Open helkv opened 2 years ago

helkv commented 2 years ago

Executing the Redetect File Type API-Call (https://guides.dataverse.org/en/latest/api/native-api.html#redetect-file-type) results in multiple Exceptions, if the original filetype is text/plain and S3 is used as File-Storage. The result is an incorrect filetype detection and the file being removed from the index.

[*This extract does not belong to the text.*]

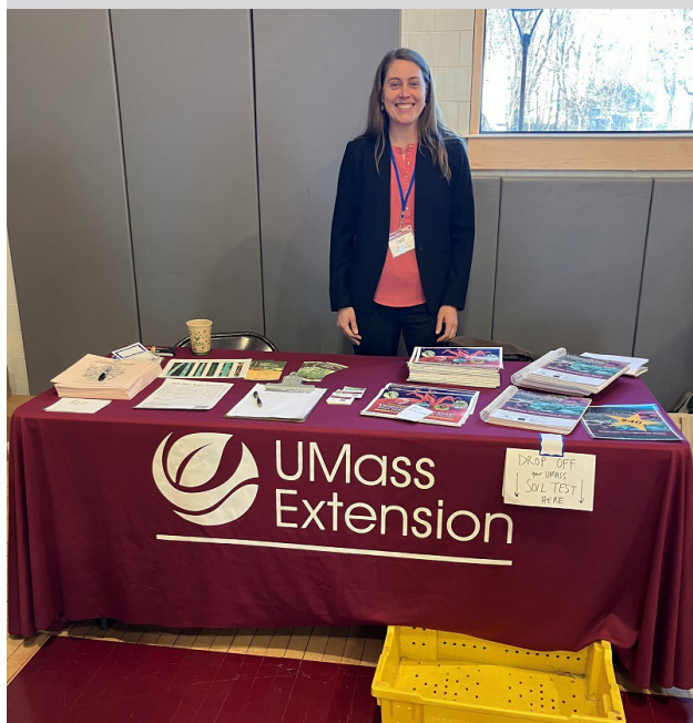
It was great to see a lot of you at the SEMAP conference last week! We have a bunch of upcoming in-person and online events, so we hope to see you there!

Equivalent Issue from IQSS/Dataverse: https://github.com/IQSS/dataverse/issues/7527 & https://github.com/IQSS/dataverse/pull/7631

Server: All instances Date of Test: 06.07.2022 Browser: - Version: i.a. Dataverse v. 5.10.1 / v. 5.11 User: -

Preconditions:

Actions:

  1. Call the Redetect File Type API: {{base_url}}/api/files/64/redetect?dryRun=false
  2. Result:
    • Incorrect result of the API-Call
    • The file is missing in the Solr index

Root of the Error:

  1. The File Type is checked on a temporary File (.tmp) when using S3
  2. Method FileUtil.determineFileTypeByExtension() returns null for .tmp-File with text/plain as File Type
  3. JPA/EJB Exceptions because Type of a File must not be null
  4. Indexing of the File fails because of the preceding errors (NPE while indexing the Dataset)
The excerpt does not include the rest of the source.